▶ [TASK DIRECTIONS]
From the first line to the last, copy the data exactly and drop the pictures.

___ SUPPLIED DATA ___

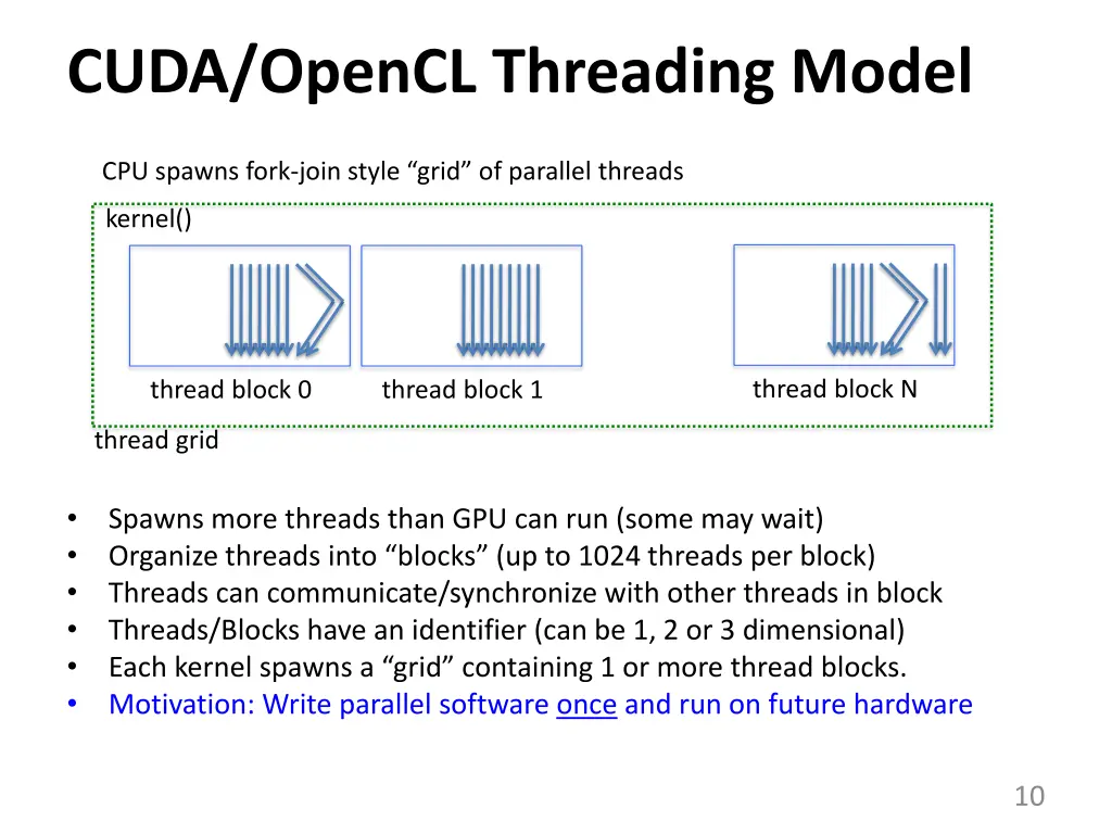 CUDA/OpenCL Threading Model CPU spawns fork-join style grid of parallel threads kernel() thread block N thread block 0 thread block 1 thread grid Spawns more threads than GPU can run (some may wait) Organize threads into blocks (up to 1024 threads per block) Threads can communicate/synchronize with other threads in block Threads/Blocks have an identifier (can be 1, 2 or 3 dimensional) Each kernel spawns a grid containing 1 or more thread blocks. Motivation: Write parallel software once and run on future hardware 10
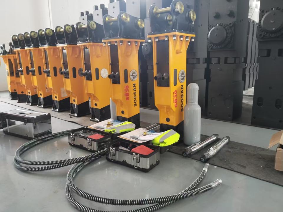 หัวเจาะไฮดรอลิก SOOSAN รุ่น SB30 แบบกล่องเก็บเสียง สำหรับทำลายหินแข็ง ใช้กับรถขุดขนาดเล็กและรถบ็อบแคท
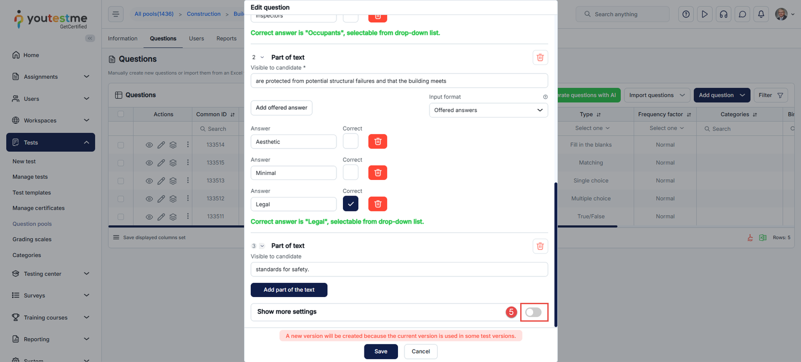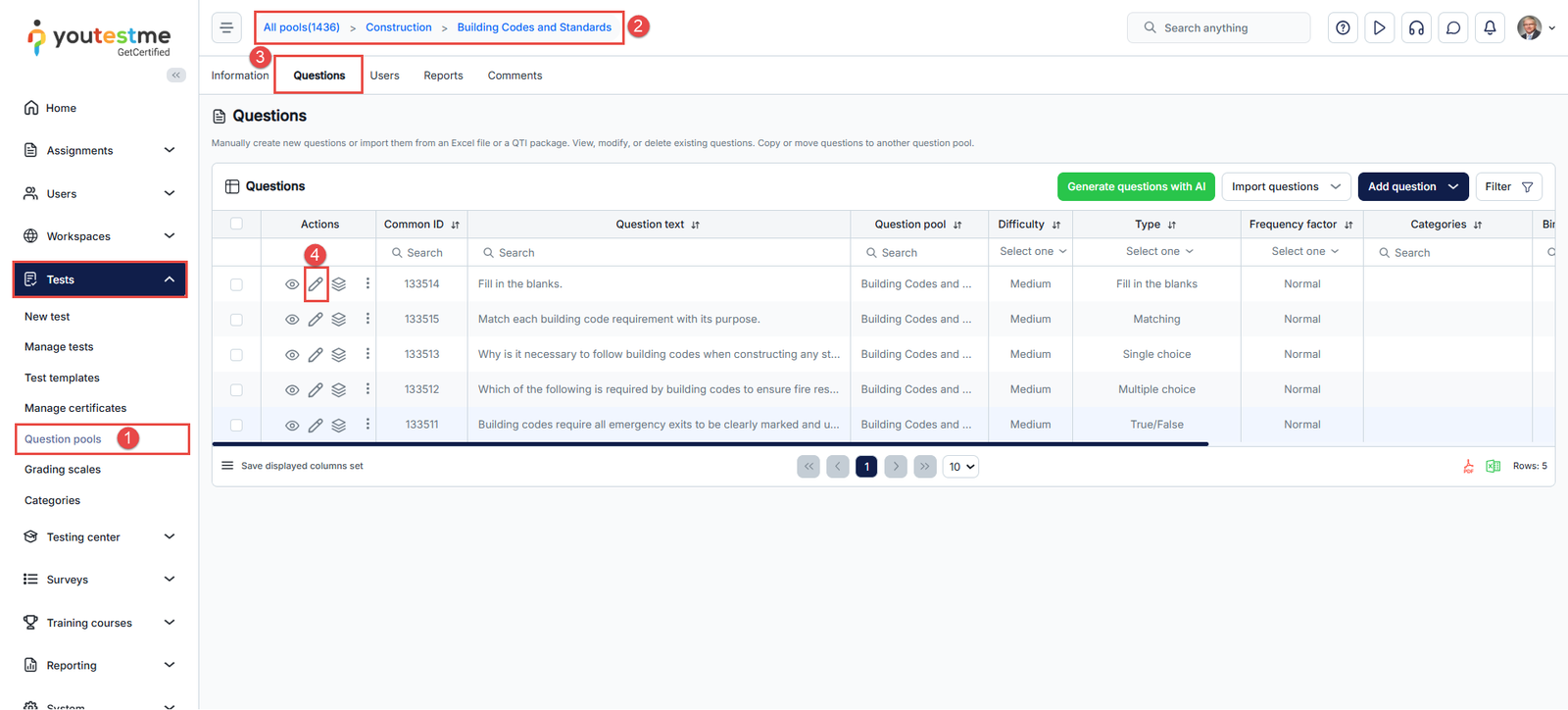 - Go to the Tests section in the left-side menu and click on the Question pools page.

___

▶ [YOUR RESPONSE]
 CUDA/OpenCL Threading Model CPU spawns fork-join style grid of parallel threads kernel() thread block N thread block 0 thread block 1 thread grid Spawns more threads than GPU can run (some may wait) Organize threads into blocks (up to 1024 threads per block) Threads can communicate/synchronize with other threads in block Threads/Blocks have an identifier (can be 1, 2 or 3 dimensional) Each kernel spawns a grid containing 1 or more thread blocks. Motivation: Write parallel software once and run on future hardware 10
 หัวเจาะไฮดรอลิก SOOSAN รุ่น SB30 แบบกล่องเก็บเสียง สำหรับทำลายหินแข็ง ใช้กับรถขุดขนาดเล็กและรถบ็อบแคท
 - Go to the Tests section in the left-side menu and click on the Question pools page.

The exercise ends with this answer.